▶ **The problem**: Take the lines below between the one holding "第四節(jié)凱爾特人杰倫" and the one holding "中标喜讯 | 咸亨国际中标中国华电集团有限公司2025-2027年度华电商城项目", inclusive, and copy them exactly. Add nothing.

*** Supplied data Section Begins ***

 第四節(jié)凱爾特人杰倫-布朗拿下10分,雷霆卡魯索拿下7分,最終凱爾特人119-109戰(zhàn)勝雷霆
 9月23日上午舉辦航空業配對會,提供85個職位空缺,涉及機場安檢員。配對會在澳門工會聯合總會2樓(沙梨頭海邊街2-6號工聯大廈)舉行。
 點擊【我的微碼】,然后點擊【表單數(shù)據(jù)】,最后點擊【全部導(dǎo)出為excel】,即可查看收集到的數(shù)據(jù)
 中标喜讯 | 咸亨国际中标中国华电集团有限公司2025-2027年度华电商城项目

*** Supplied data Section Ends ***
*** Supplied data Section Begins ***

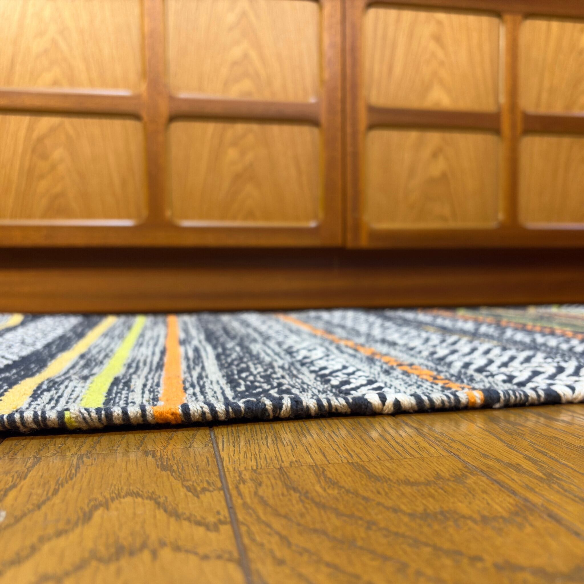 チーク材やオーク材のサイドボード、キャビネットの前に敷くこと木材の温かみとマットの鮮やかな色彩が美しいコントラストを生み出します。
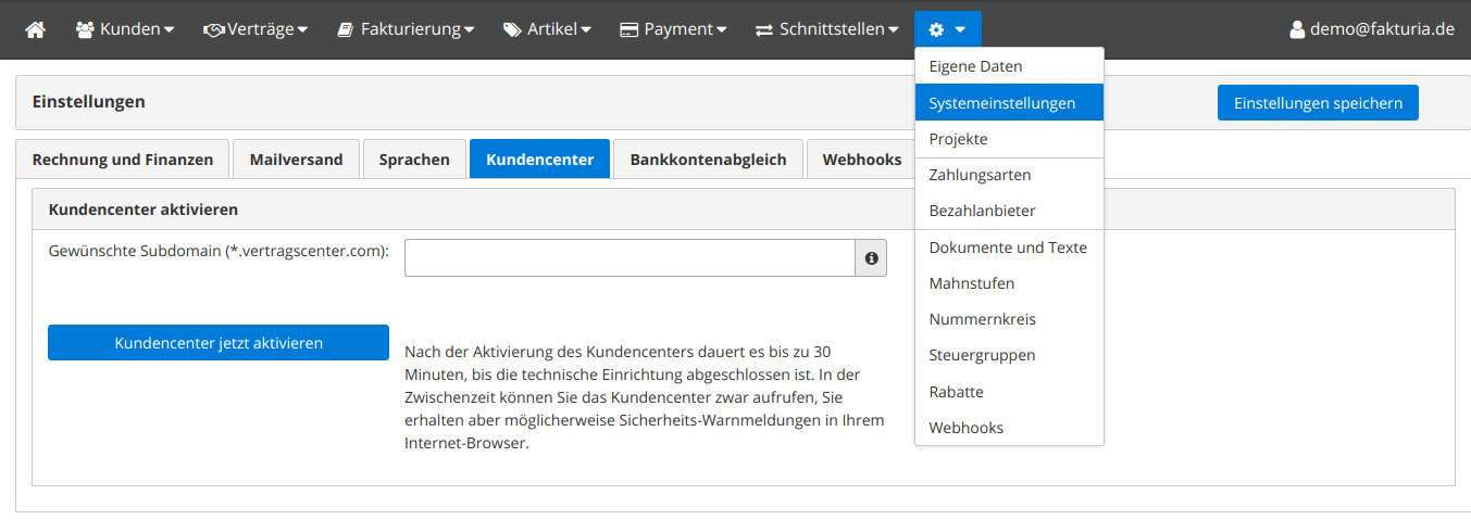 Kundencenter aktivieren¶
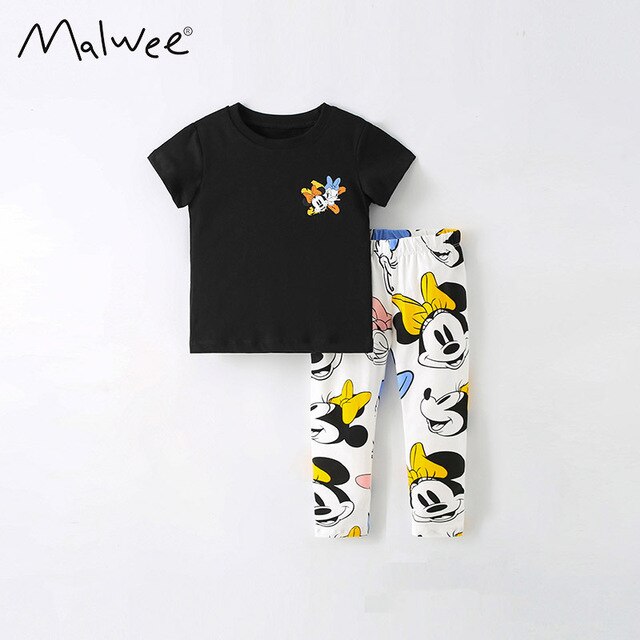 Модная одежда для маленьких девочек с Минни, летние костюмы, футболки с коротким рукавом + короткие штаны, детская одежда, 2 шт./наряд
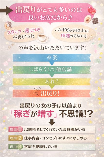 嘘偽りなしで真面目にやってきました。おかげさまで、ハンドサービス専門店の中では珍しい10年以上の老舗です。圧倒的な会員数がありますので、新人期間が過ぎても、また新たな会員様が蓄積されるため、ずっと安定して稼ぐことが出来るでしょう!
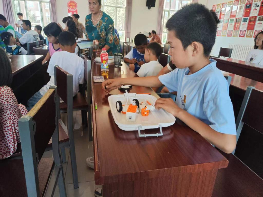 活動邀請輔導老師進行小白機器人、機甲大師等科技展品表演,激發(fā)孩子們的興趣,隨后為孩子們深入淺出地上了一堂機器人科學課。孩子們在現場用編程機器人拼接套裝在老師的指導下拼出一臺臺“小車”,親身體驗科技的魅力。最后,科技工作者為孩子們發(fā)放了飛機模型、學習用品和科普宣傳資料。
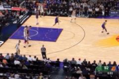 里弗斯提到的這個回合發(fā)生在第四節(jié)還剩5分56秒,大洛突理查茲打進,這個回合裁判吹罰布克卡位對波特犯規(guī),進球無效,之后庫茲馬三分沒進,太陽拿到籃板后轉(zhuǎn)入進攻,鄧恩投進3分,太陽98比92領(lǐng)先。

*** Supplied data Section Ends ***

▶ **Answer section**:
 第四節(jié)凱爾特人杰倫-布朗拿下10分,雷霆卡魯索拿下7分,最終凱爾特人119-109戰(zhàn)勝雷霆
 9月23日上午舉辦航空業配對會,提供85個職位空缺,涉及機場安檢員。配對會在澳門工會聯合總會2樓(沙梨頭海邊街2-6號工聯大廈)舉行。
 點擊【我的微碼】,然后點擊【表單數(shù)據(jù)】,最后點擊【全部導(dǎo)出為excel】,即可查看收集到的數(shù)據(jù)
 中标喜讯 | 咸亨国际中标中国华电集团有限公司2025-2027年度华电商城项目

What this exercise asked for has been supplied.